───── Data for processing

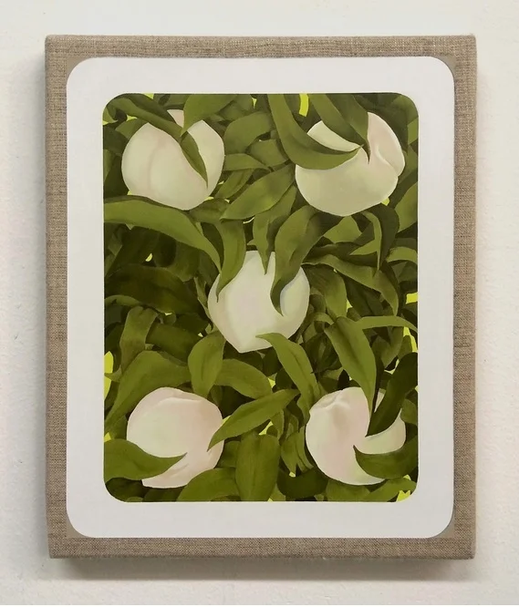 In the second gallery, a collection of paintings by Mika Horibuchi lines the wall, mirroring the composition of playing cards. Instead of diamonds and hearts there are soft and voluminous snow-white peaches, peaking out from a wall of crisp green leaves, gently rendered to achieve a level of sameness on the surface of the painting. Textually, these paintings are “read,” ushering with them a string of aphorisms whose echoes lightly hum in the viewer’s ears: luck of the draw; painting the roses red; wild card; follow suit; she has it in spades. These words, of course, are fantasies, but serve to underscore the paintings’ otherwise anxious relationship to the concept of tranquility—while the images seem serene and entirely convincing, their form places them in jeopardy. Horibuchi sets us up; our chips are all in, but what are we playing for?
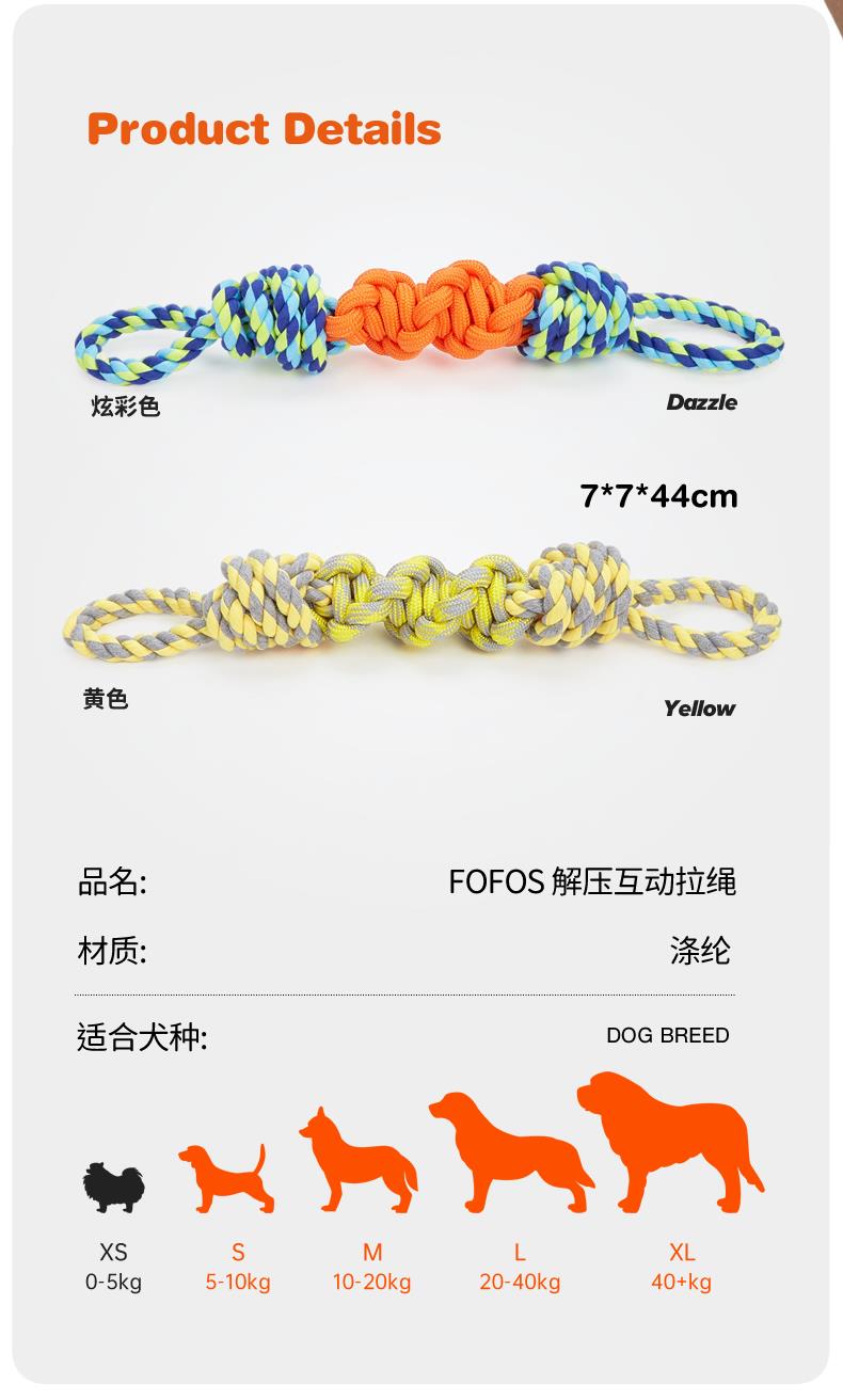 宠物耐咬棉绳玩具磨牙解闷绳结球猫狗咬绳泰迪大型犬训狗神器玩具
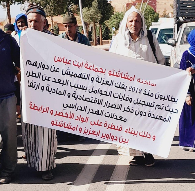 وكشفت مصادر من المحتجين، أن مسيرة الساكنة قطعت أزيد من 90 كيلومترا مشيا على الاقدام في زمن 48 ساعة مشيا على الاقدام لإيصال صوتها ومطالبها لعامل إقليم أزيلال، والتدخل لبناء قنطرة تفك العزلة على ساكنة دوار امشاشتو بايت عباس.
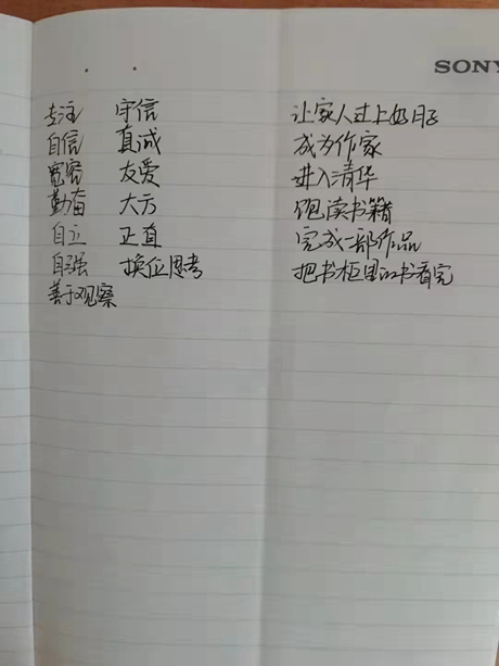 这份执着,曾经也流淌在女儿身上。19岁以前,潘姝霏写了大量日记。其中一本,她用紫色的水性笔写道:“要成功,必须有强烈的成功的欲望……成功来源于我要,我就能;我一定要,我就一定能。”
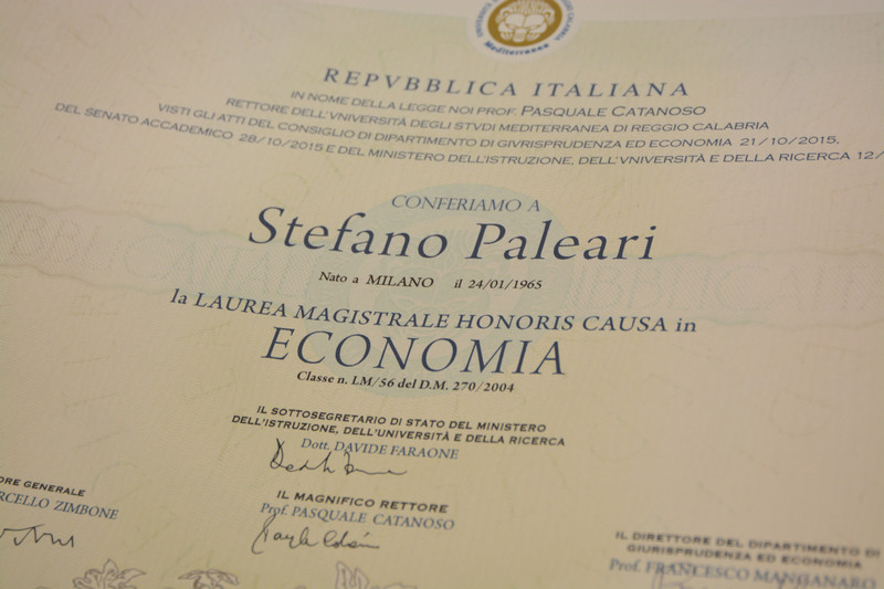Venerdì 11 marzo alle ore 11.00, in Aula Magna “Antonio Quistelli”, l’Università degli studi Mediterranea di Reggio Calabria conferisce la laurea honoris causa in Economia a Stefano Paleari, già rettore dell'Università degli Studi di Bergamo (2009/2015) e presidente della CRUI dal 2013 al 2015.
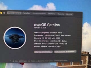 Impresionante iMac de 27 pulgadas de finales de 2013, perfecto para profesionales y creativos. Este equipo ofrece un rendimiento potente y una gran capacidad de almacenamiento. - Procesador: Intel Core i7 de 3,5 GHz con 4 núcleos. - Memoria RAM: 32 GB DDR3 a 1600 MHz. - Almacenamiento: Disco de arranque Macintosh HD - Datos (1 TB SSD). - Gráficos: NVIDIA GeForce GTX 775M con 2 GB de VRAM. - Sistema Operativo: macOS Catalina 10.15.7. No incluye ni mouse ni teclado
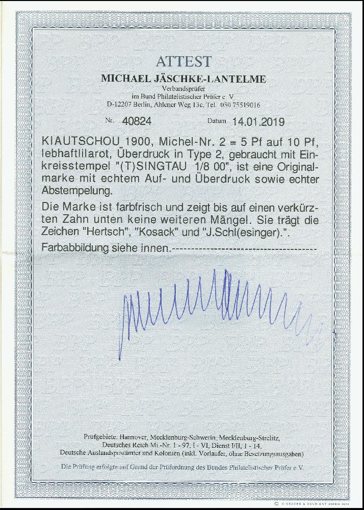 | Zusatzinformationen und Suchstichworte: | 371. Auktion Heinrich Köhler 24.-28. September 2019 Los 1772 5 Pf. auf 10 Pfg., Type 2, farbfrisch mit Stempel "TSINGTAU KIAUTSCHOU *a 1.8.00", unten mit leicht verkürztem Zahn, sonst tadellos, seltene Marke, mehrfach sign. und Fotoattest Jäschke-L. BPP (2019) (Mi. 5.000,-) Zuschlag 800,00 EUR |
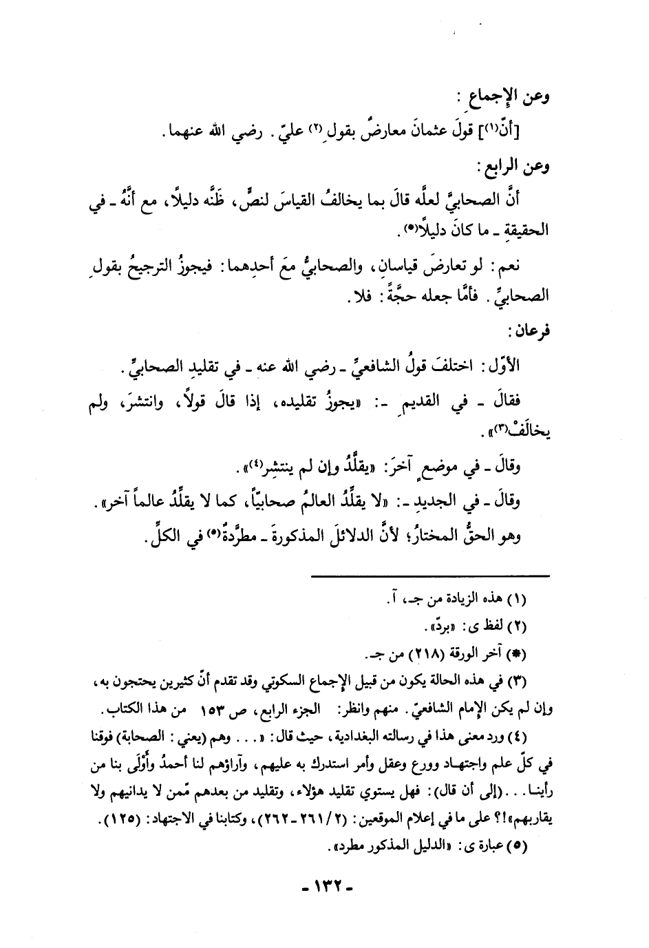 فرعان الأول اختلف قول الشافعي رضي الله عنه في تقليد الصحابي فقال في القديم يجوز تقليده إذا قال قولا وانتشر ولم يخالف وقال في موضع آخر يقلد وإن لم ينتشر وقال في الجديد لا يقلد العالم صحابيا كما لا يقلد عالما آخر وهو الحق المختار لأن الدلائل المذكورة مطردة في الكل

──────────

Exercise instructions: In the listing above, find the line with "وكشفت مصادر من" and the line with "Impresionante iMac de". Transcribe those two and everything between, exactly, leaving out pictures.

Task response:
 وكشفت مصادر من المحتجين، أن مسيرة الساكنة قطعت أزيد من 90 كيلومترا مشيا على الاقدام في زمن 48 ساعة مشيا على الاقدام لإيصال صوتها ومطالبها لعامل إقليم أزيلال، والتدخل لبناء قنطرة تفك العزلة على ساكنة دوار امشاشتو بايت عباس.
 这份执着,曾经也流淌在女儿身上。19岁以前,潘姝霏写了大量日记。其中一本,她用紫色的水性笔写道:“要成功,必须有强烈的成功的欲望……成功来源于我要,我就能;我一定要,我就一定能。”
Venerdì 11 marzo alle ore 11.00, in Aula Magna “Antonio Quistelli”, l’Università degli studi Mediterranea di Reggio Calabria conferisce la laurea honoris causa in Economia a Stefano Paleari, già rettore dell'Università degli Studi di Bergamo (2009/2015) e presidente della CRUI dal 2013 al 2015.
 Impresionante iMac de 27 pulgadas de finales de 2013, perfecto para profesionales y creativos. Este equipo ofrece un rendimiento potente y una gran capacidad de almacenamiento. - Procesador: Intel Core i7 de 3,5 GHz con 4 núcleos. - Memoria RAM: 32 GB DDR3 a 1600 MHz. - Almacenamiento: Disco de arranque Macintosh HD - Datos (1 TB SSD). - Gráficos: NVIDIA GeForce GTX 775M con 2 GB de VRAM. - Sistema Operativo: macOS Catalina 10.15.7. No incluye ni mouse ni teclado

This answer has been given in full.